From c8f0892d1236df81af1811cf182692f28c85f916 Mon Sep 17 00:00:00 2001
From: Barry Warsaw <barry@python.org>
Date: Sat, 26 Feb 2000 20:56:47 +0000
Subject: [PATCH] Changes submitted by Peter Funk (some fixes/additions by
 B.Warsaw) to make pygettext more compatible with GNU xgettext, specifically:

Added -E/--escape for allowing pass-thru of iso8859-1 characters above
7 bits.

Added -o/--output option for renaming the output file from
messages.pot (there's overlap with -d/--default-domain, but GNU
xgettext has them both).

Added -p/--output-dir for specifying the output directory for
messages.pot.

Added -V/--version for printing the version number.

Added -w/--width for specifying the output page width (this is because
now pygettext, like GNU xgettext will put several locations on the
same line to cut down on vertical space).

Added -x/--exclude-file for specifying a list of strings that are not
to be extracted from the input files.

Bumped version number to 1.0

Try to import fintl and use fintl.gettext as _ if available.  Fall
back is to use identity definition of _().

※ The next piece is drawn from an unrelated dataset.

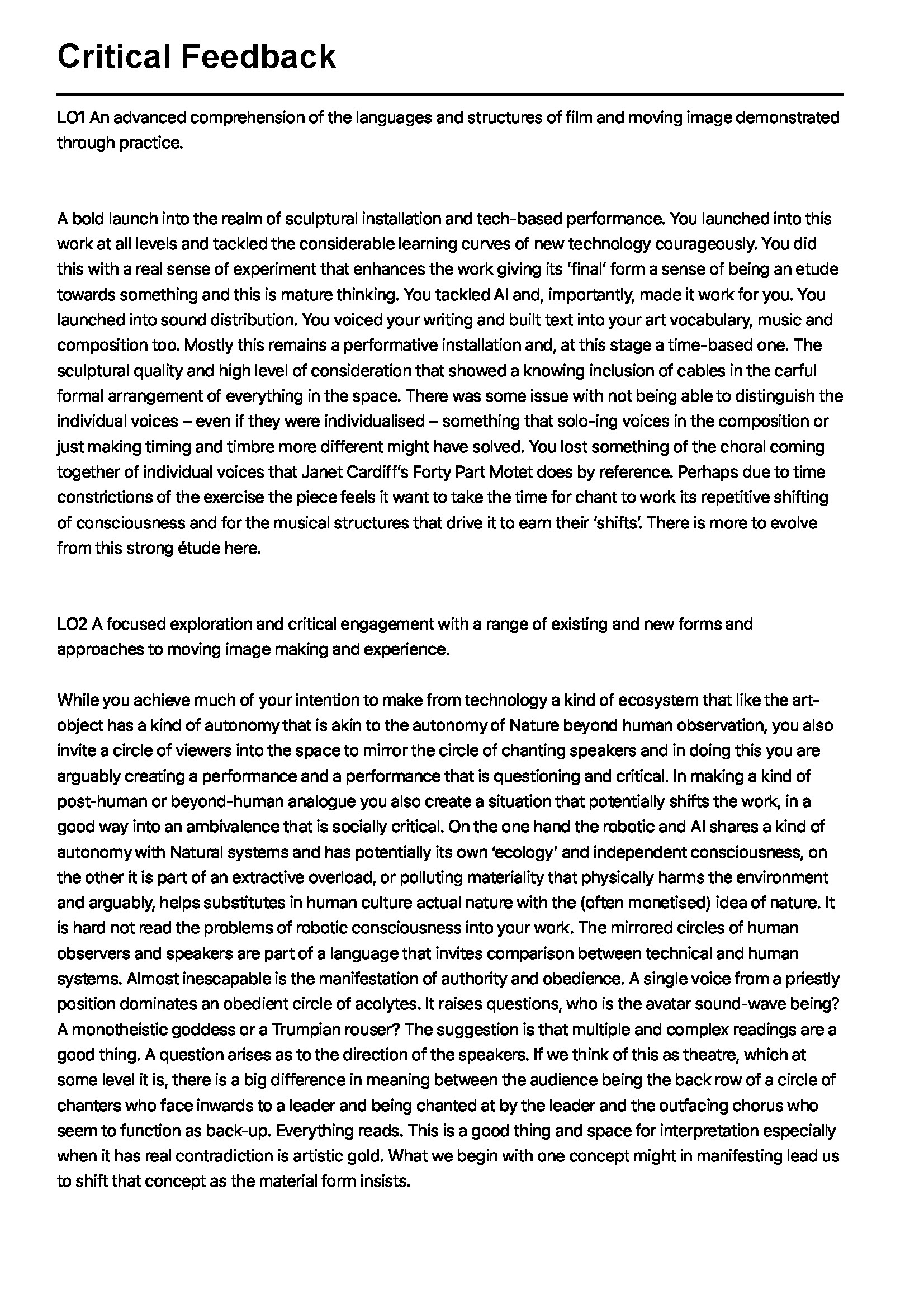 The project required a good understanding of composition so while in development I took at Music Theory for Computer Musicians course and researched the use of AI and sound which opened a whole world of understanding about the structure of music. Using the spoken word piece as direction, I employed nine AI song generators using line breaks and punctuation in different ways to create phrase and breath markers and for melodic and rhythmic shifts, and via the use of alternative prompts I was able to ‘sing’ my lyrics in alternative melodies. I then employed AI stem separators to strip out the instruments so that I was left with the vocal only, and used AI vocal changers to create Weaver’s voice and the five responding chanters. I then cut and mixed these voices with the call of the Boobook Owl to form the call and response element of the work. For the installation of the work the electrical wiring for the 'speakers' was used to create a root-like sculpture emerging from the main source.

Moved the escape creation to a function make_escapes() so that its
behavior can be controlled by the -E option.

__openseen(): Support the -x option.

write(): Support -w option and vertical space preserving feature.

main(): Support new options.
---
 Tools/i18n/pygettext.py | 180 +++++++++++++++++++++++++++++++---------
 1 file changed, 140 insertions(+), 40 deletions(-)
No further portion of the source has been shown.